# Demo API data load

This code imports several Python libraries and also sets the maximum number of columns to display in a Pandas DataFrame to None, which allows all columns to be displayed without truncation.

In [None]:
import os
import json
import requests
import pandas as pd
pd.set_option('display.max_columns', None)

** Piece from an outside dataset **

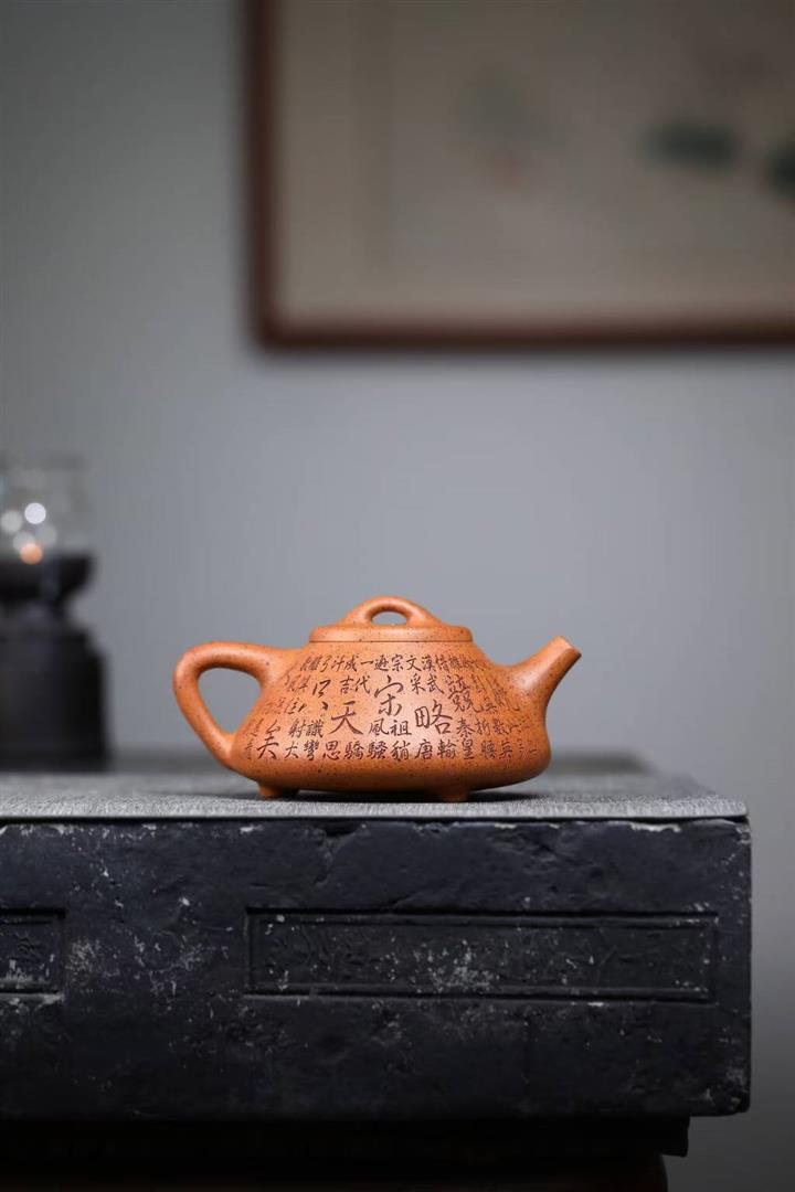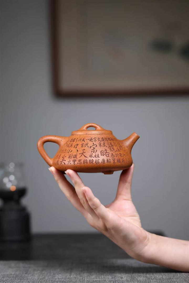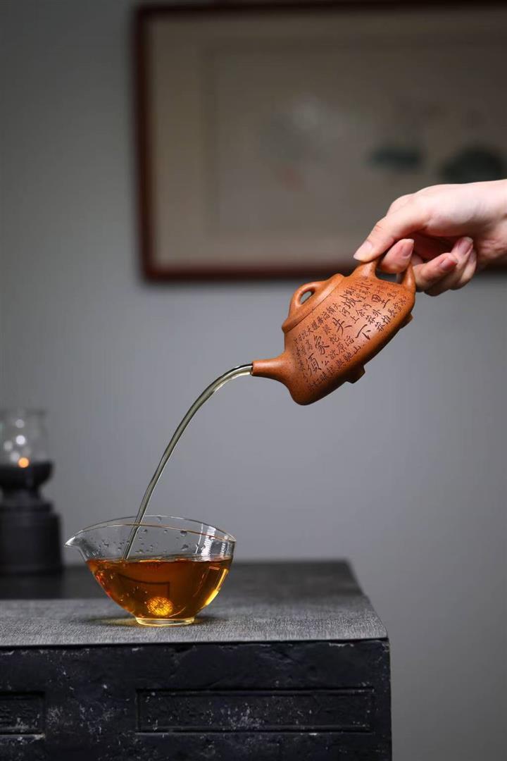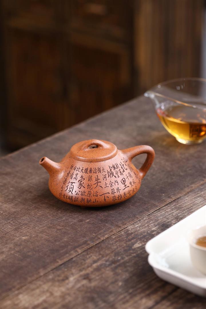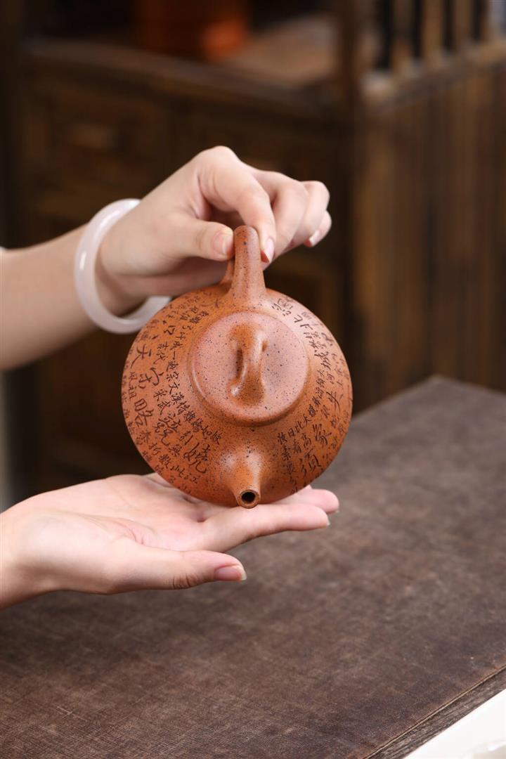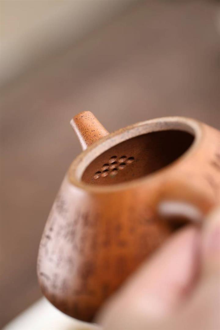【泥料特點】砂土氣重,似淳實農民,日久使用,漸露鋒芒,養成變化,溫潤莊重。紫砂是壹種雙重氣孔結構的多孔性材質,氣孔微細,密度高。用紫砂壺沏茶,不失原味,且香不渙散,得茶之真香真味。紫砂使用越久,壺身色澤越發光亮照人,氣韻溫雅。紫砂壺長久使用器身會因撫摸擦拭,變得越發溫潤光澤。
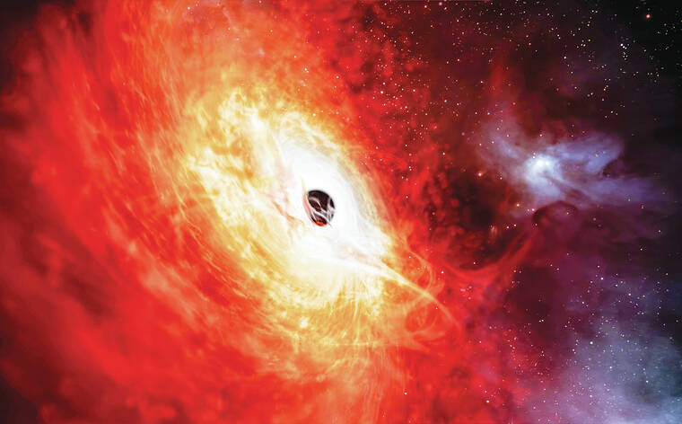 CAPE CANAVERAL, Fla. — Astronomers have discovered what may be the brightest object in the universe, a quasar with a black hole at its heart growing so fast that it swallows the equivalent of a sun a day.

## 1. Authorization with token

In this section code  opens a JSON file and loads its contents into a Python dictionary.


In [None]:
def access_data(file_path):
    with open(file_path) as file:
        access_data = json.load(file)
    return access_data

creds = access_data(file_path='token.json')
print(creds.keys())

In [None]:
header = {
    'Authorization': f'OAuth {creds["oauth_token"]}'
}

## 2. Download loop

This section of the code sets up the necessary parameters and credentials for accessing the AppMetrica API and then iterates through a range of dates to download data into CSV files.

In [None]:
app_id = '****'
api_point = 'events'
fields = [
    'event_datetime',
    'event_json',
    'event_name',
    'event_receive_datetime',
    'event_receive_timestamp',
    'event_timestamp',
    'session_id',
    'installation_id',
    'appmetrica_device_id',
    'city',
    'connection_type',
    'country_iso_code',
    'device_ipv6',
    'device_locale',
    'device_manufacturer',
    'device_model',
    'device_type',
    'google_aid',
    'ios_ifa',
    'ios_ifv',
    'mcc',
    'mnc',
    'operator_name',
    'original_device_model',
    'os_name',
    'os_version',
    'profile_id',
    'windows_aid',
    'app_build_number',
    'app_package_name',
    'app_version_name',
    'application_id'
]

In [None]:
from datetime import date, timedelta
import time

def daterange(start_date, end_date):
    for n in range(int((end_date - start_date).days)):
        yield start_date + timedelta(n)

start_date = date(2024, 5, 26)
end_date = date(2024, 6, 2)

In [None]:
save_path = f'data/{api_point}'
os.makedirs(save_path, exist_ok=True)
DELAY = 102

for day in daterange(start_date, end_date):
    sday = day.strftime('%Y-%m-%d')
    print('start loading day', sday, end=' ')
    url = ''.join([
        f'https://api.appmetrica.yandex.ru/logs/v1/export/events.csv?',
        f'application_id={app_id}',
        f'&date_since={sday}',
        f'&date_until={sday}',
        f'&fields={",".join(fields)}'
    ])
    status_code = None
    while status_code != 200:
        r = requests.get(url, headers=header)
        status_code = r.status_code
        if status_code != 200:
            print('status code', status_code, 'waiting...', end=' ')
            time.sleep(DELAY)
    file_name = f'{save_path}/data_{sday}.csv'
    with open(file_name, 'w', encoding='utf-8') as file:
        file.write(r.text.encode('l1').decode())
    print('data saved to file', file_name)

## 3. Test loaded data

In this section code identifies the directory where the downloaded CSV files are stored. Reads the data from the most recent CSV file into a Pandas DataFrame. Prints the shape of the DataFrame (number of rows and columns). Displays the first few rows of the DataFrame. And then prints information about the DataFrame, including data types and missing values.

In [None]:
api_point = 'events'
save_path = f'data/{api_point}'
all_files = os.listdir(save_path)

In [None]:
df = pd.read_csv(f'{save_path}/{all_files[-1]}')
print(df.shape)
display(df.head())

In [None]:
df.info()